Sharon Eyal: Ja, das mag ich tatsächlich am liebsten: vor Ort sein, den Ort fühlen und dieses Gefühl an die Tänzer:innen weitergeben. Ich arbeite mehr und mehr auf diese Weise. Ich habe ein Mikrofon und spreche mit den Tänzer:innen. Ich glaube, dass dieser intensive, lebendige Bezug zum Augenblick sehr wichtig für meine Stücke ist. Es fühlt sich ein wenig so an, als würde ich den Moment zuerst herausschreien und dann in Form bringen. Ich mag es, Stücke zu verändern. Nicht, weil mir etwas daran nicht gefällt, sondern weil ich neue Ideen habe und daran glaube, dass auch das Stück stets wachsen kann.

Claude Adjil: Alles im Leben wächst und verändert sich. Ein Garten erblüht, verblüht und regeneriert sich unaufhörlich. Ihn vom Wachsen abzuhalten ist unmöglich.

Sharon Eyal: Genau. Warum also sollten wir die Stücke nicht auch gießen und weiter nähren? Ich liebe es, es ist so erfrischend. Wie neu, jedesmal.

Claude Adjil: Du reist häufig. Oft für sehr kurze Zeiträume. Für das Projekt in Berlin wirst du dich nun zeitweise niederlassen – hier in der Stadt und auch in den Räumlichkeiten des Kraftwerk Berlin. Ich könnte mir vorstellen, dass auf diese Weise eine ganz andere Version eines „Zuhause“ entsteht – ihr zieht ja alle ein, gewissermaßen.

Sharon Eyal: In jedem Fall ist es eine Gelegenheit, tiefer zu gehen und mich zu erden. Das ist großartig. Ich freue mich sehr darauf.
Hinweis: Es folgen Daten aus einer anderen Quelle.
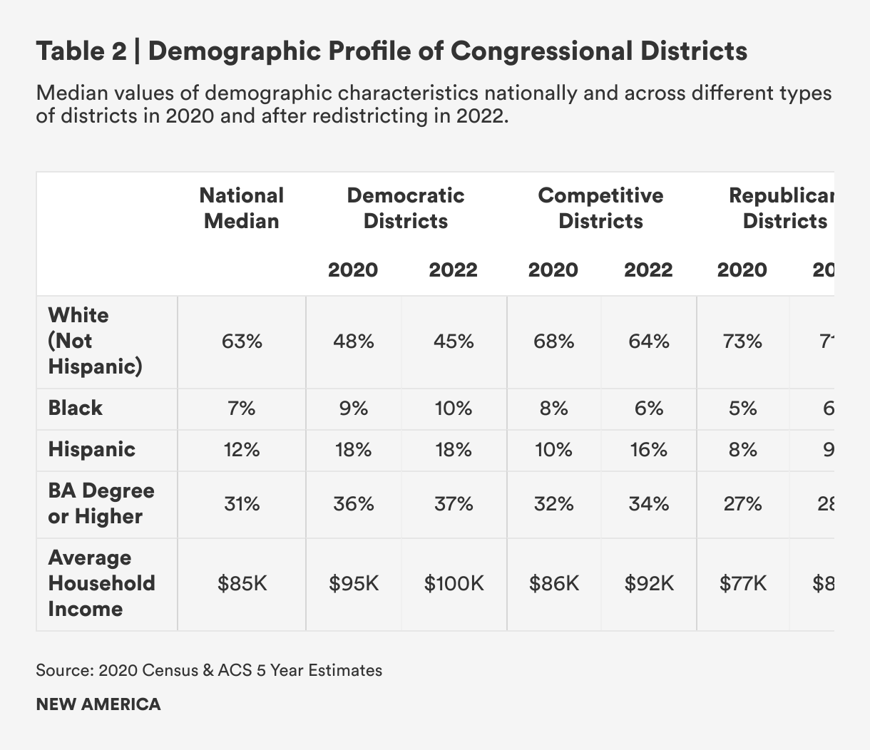 What distinguishes Democratic, Republican, and competitive districts from each other? In this section, we provide a description of demographic characteristics of these districts, for both 2020 and for 2022, after the redistricting process. Polarization and partisan sorting has created a mega-identity composed of reinforcing racial, ethnic, and other social identities. Because of this, the basic demographic breakdown of congressional districts can be informative for understanding the different effects these districts have on Democrats and Republicans.

Danke!

* Gaga ist eine von dem israelischen Tänzer und Choreografen Ohad Naharin entwickelte Bewegungssprache und Trainingsmethode. Sie wurde entwickelt, um das Bewusstsein für körperliche Empfindungen zu vertiefen und professionelle Tänzer:innen darin zu unterstützen, ihre Anstrengung mit Freude zu verbinden.